The Supreme Court on Friday disrupted the balance of power in Washington, D.C., by overturning a 40-year-old precedent protecting federal agencies’ work.

The precedent, called the Chevron doctrine, instructed judges across the country to defer to federal agencies’ interpretation of the laws passed by Congress even when the agencies’ rules had no clear basis in the written text.

Friday’s ruling puts the onus on Congress to pass clearer, more specific policies, and gives individual Americans, as well as companies or religious organizations, more power to challenge the federal rules they take issue with.

But it also gives more power to judges to interpret challenged policies on everything from health care to natural resources to religious freedom, judges who typically won’t know nearly as much about these topics as federal officials.

The Supreme Court decision that could rock Utah

Supreme Court overturns Chevron doctrine

The Supreme Court’s six more conservative justices formed the majority in the court’s two Chevron cases, while the three more liberal justices worked together on a dissent.

Justices in the majority said that, as it’s been applied over time, the Chevron doctrine has led the legal system further and further away from the true meaning of the Administrative Procedure Act, which governs the work of federal agencies.

“The deference that Chevron requires of courts reviewing agency action cannot be squared with the APA,” wrote Chief Justice John Roberts in the majority opinion.

The dissent from Justice Elena Kagan, which was joined in full by Justice Sonia Sotomayor and in part by Justice Ketanji Brown Jackson (who had to recuse herself from one of the two cases because she heard it while serving on the D.C. Circuit), argued that Friday’s ruling will make the federal government less effective.

“Congress knows that it does not — in fact cannot — write perfectly complete regulatory statutes. It knows that those statutes will inevitably contain ambiguities that some other actor will have to resolve, and gaps that some other actor will have to fill. And it would usually prefer that actor to be the responsible agency, not a court,” Kagan wrote.

Kagan added that Friday’s ruling will disrupt four decades of legal work, potentially throwing all sorts of past rulings related to Chevron deference into question.

“Shifting views about the worth of regulatory actors and their work do not justify overhauling a cornerstone of administrative law,” she wrote.

Roberts attempted to address this concern in the majority opinion, arguing that the court’s new “interpretive methodology” does not justify reopening old debates.

“We do not call into question prior cases that relied on the Chevron framework. The holdings of those cases that specific agency actions are lawful — including the Clean Air Act holding of Chevron itself — are still subject to statutory stare decisis despite our change in interpretive methodology,” the majority opinion said.

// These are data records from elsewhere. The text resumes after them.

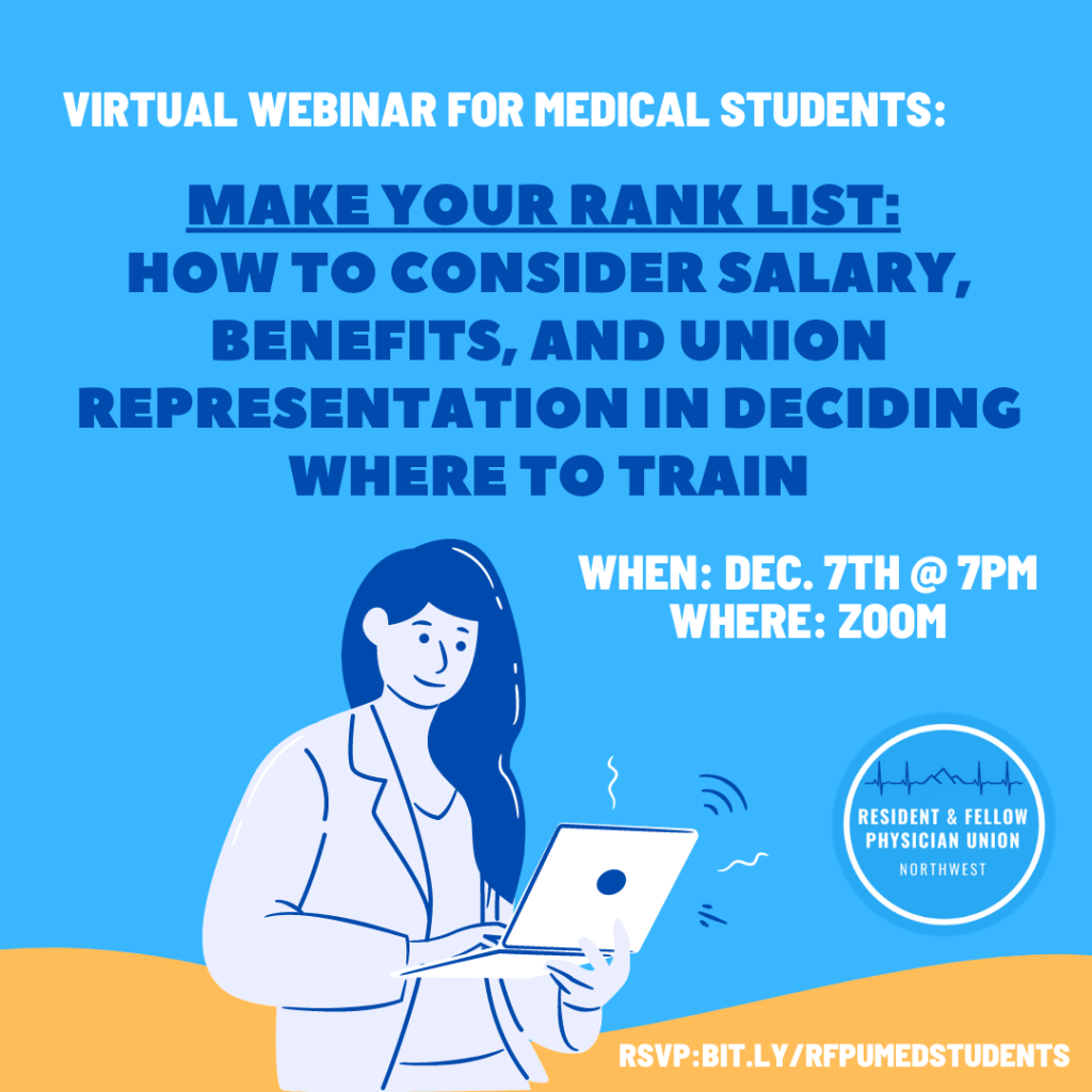 Join members of our RFPU – NW executive board and staff for our second annual, “Make Your Rank List: How to Consider Salary, Benefits, and Union Representation in Deciding Where to Train” webinar and Q&A on Monday, December 7th at 7:00pm!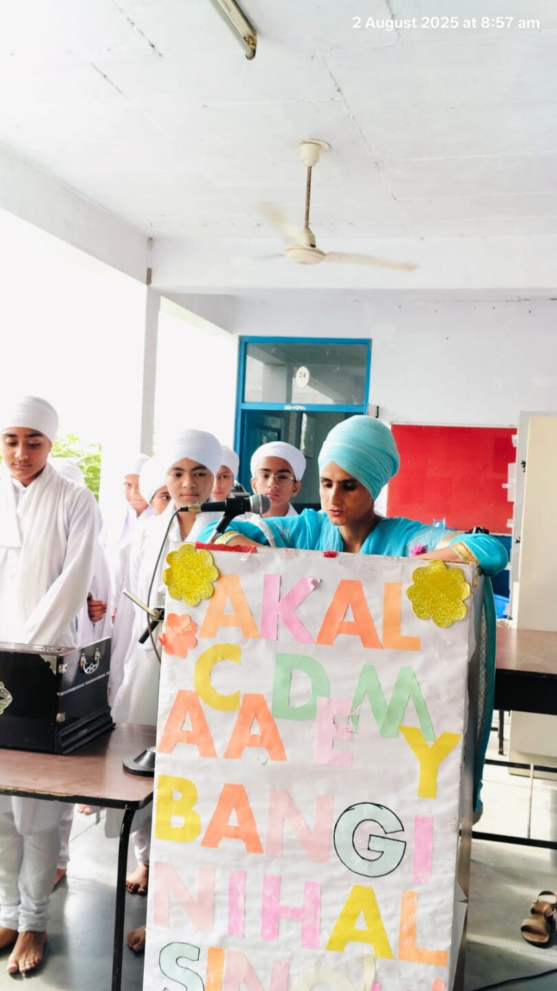 Akal Academy Bangi Nihal Singh held an assembly to pay tribute to the martyrdom of Shaheed Udhham Singh Ji. The students and staff came together to honor his sacrifice and bravery. Students and teachers delivered inspiring speeches about Shaheed Udhham Singh Ji’s life, highlighting his patriotism and courage. Additionally, students recited a poignant kavitshri (poem) in his honor, showcasing their creativity and respect for the martyr. Through this commemoration, the academy aimed to install values of patriotism, courage, and selflessness in its students.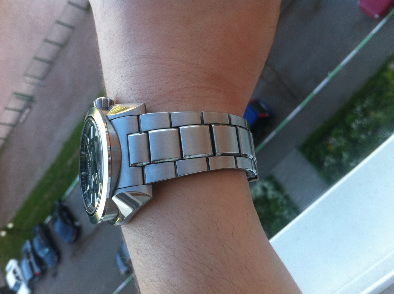 "Ушки" под браслет короткие - поэтому ничего не висит и не свисает (у самого обхват запястья - 18,5 - 19 см. Плюс прикладывали на руку друга - 16,5 см.). Форумчане неоднократно отмечали, что определяющим фактором является диаметр стекла и это абсолютная правда! Имеющаяся пилотская форумная лимитка от Steinhart при диаметре 44 мм. по корпусу, и 40-41мм. по стеклу, по моему мнению, выглядит массивнее!

Roberts also reflected on the concern that Friday’s ruling will take power away from policy experts and give it to judges who may know a lot about the law but little about the ins and outs of the fishing industry or the Food and Drug Administration’s approach to vetting new drugs.

He said that, moving forward, judges’ role will not be to create new laws but to decide whether federal agencies have stayed within their lane.


“When a particular statute delegates authority to an agency consistent with constitutional limits, courts must respect the delegation, while ensuring that the agency acts within it. But courts need not and under the APA may not defer to an agency interpretation of the law simply because a statute is ambiguous,” the majority opinion said.

Fishermen lawsuit

Friday’s ruling resolved two cases brought by commercial fishermen. The fishermen had challenged the Chevron doctrine as they fought against a rule requiring them to transport and pay researchers who were tasked by the government to research overfishing, as the Deseret News previously reported.

The fishermen lost at the appellate level because of the 1984 Chevron ruling. Judges cited it while deferring to federal officials’ interpretation of a fishing-related law called the Magnuson-Stevens Act.

The fishermen appealed to the Supreme Court, asking them to overturn the Chevron doctrine and rule in their favor. On Friday, that’s exactly what the court did.